EXERCISE
In the data below, set down exactly the lines from the one containing "The UK Direct" up to and including the one containing "Ці джогери Vetements". Leave the pictures out.

SUPPLIED MATERIAL
"""

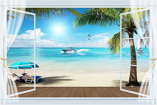 Avoir Faux 3d Vue De La Fenetre Sticker Mural Plage 16 Style Bord De
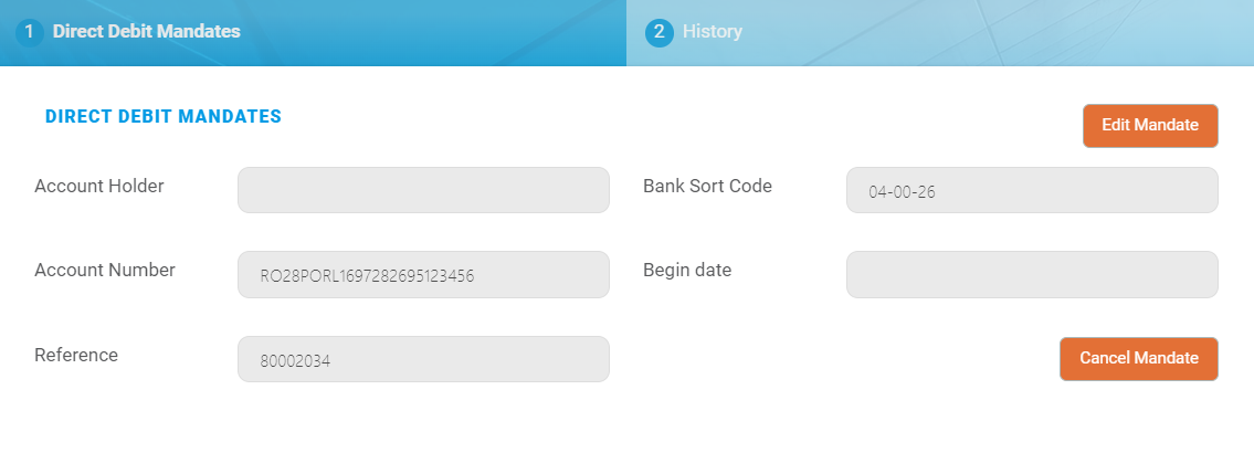 The UK Direct Debit Mandate Form allows you to inspect, edit or cancel a mandate. The form is organized as follows:
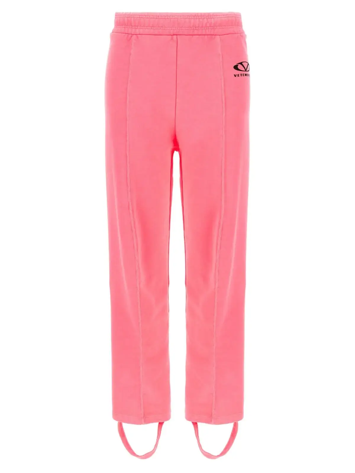 Ці джогери Vetements Oval Logo в елегантному рожевому кольорі виготовлені з м’якої і приємної на дотик бавовняної тканини з додаванням поліестеру, що забезпечує чудову зносостійкість. Вони мають стильний принт на передній частині і еластичний пояс з регульованим шнурком, що гарантує комфортну посадку. Гетри на нижній частині штанів додають естетичної завершеності, підкреслюючи статус і сучасний стиль. Цей виріб втілює інноваційність у поєднанні з універсальністю, що робить його ідеальним вибором для будь-якої модної прихильниці, яка цінує якість і екологічність.
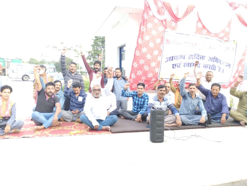 रोडवेज कार्यशाला फरसौली में उत्तराँचल रोडवेज कर्मचारी यूनियन शाखा ने सोमवार को एजेंसी प्रथा के विरोध में प्रदर्शन धरना दिया। कर्मचरियों ने निगम प्रबंधन के खिलाफ नारेबाजी कर सांकेतिक विरोध प्रदर्शन भी किया। यहां कई बिंदुओं पर चर्चा वक्ताओं ने संबोधित किया। कहा कि उत्तराखंड परिवहन निगम में चालक परिचालकों की आपूर्ति हेतु नियुक्ति एजेंसी के साथ किए गए अनुबंध को तत्काल समाप्त किया जाए। एजेंसी की जा रही 233 चालकों एवं 356 परिचालकों के भर्ती पर रोक लगाई जाए। भविष्य में परिवहन निगम में एजेंसी प्रथा की योजना समाप्त हो। परिवहन निगम में कार्यरत संविदा चालक परिचालक को जिन्हें 240 दिन से अधिक हो गए हैं, उन्हें अनुबंध भरने की बाध्यता समाप्त हो। परिवहन निगम में 3500 विशेष श्रेणी, संविदा में कार्यरत चालक-परिचालक-कार्याशाला कर्मचरियों को नियमित किया जाय। उन्होंने कहा कि 23 अगस्त को हल्द्वानी बस स्टेशन में होने वाली क्षेत्रीय बैठक को सफल बनाने की रणनीति बनाई गई है। कहा मांगे नही मानने पर कार्यबहिष्कार व धरना प्रदर्शन किया जाएगा।

"""

SOLUTION
 The UK Direct Debit Mandate Form allows you to inspect, edit or cancel a mandate. The form is organized as follows:
 Ці джогери Vetements Oval Logo в елегантному рожевому кольорі виготовлені з м’якої і приємної на дотик бавовняної тканини з додаванням поліестеру, що забезпечує чудову зносостійкість. Вони мають стильний принт на передній частині і еластичний пояс з регульованим шнурком, що гарантує комфортну посадку. Гетри на нижній частині штанів додають естетичної завершеності, підкреслюючи статус і сучасний стиль. Цей виріб втілює інноваційність у поєднанні з універсальністю, що робить його ідеальним вибором для будь-якої модної прихильниці, яка цінує якість і екологічність.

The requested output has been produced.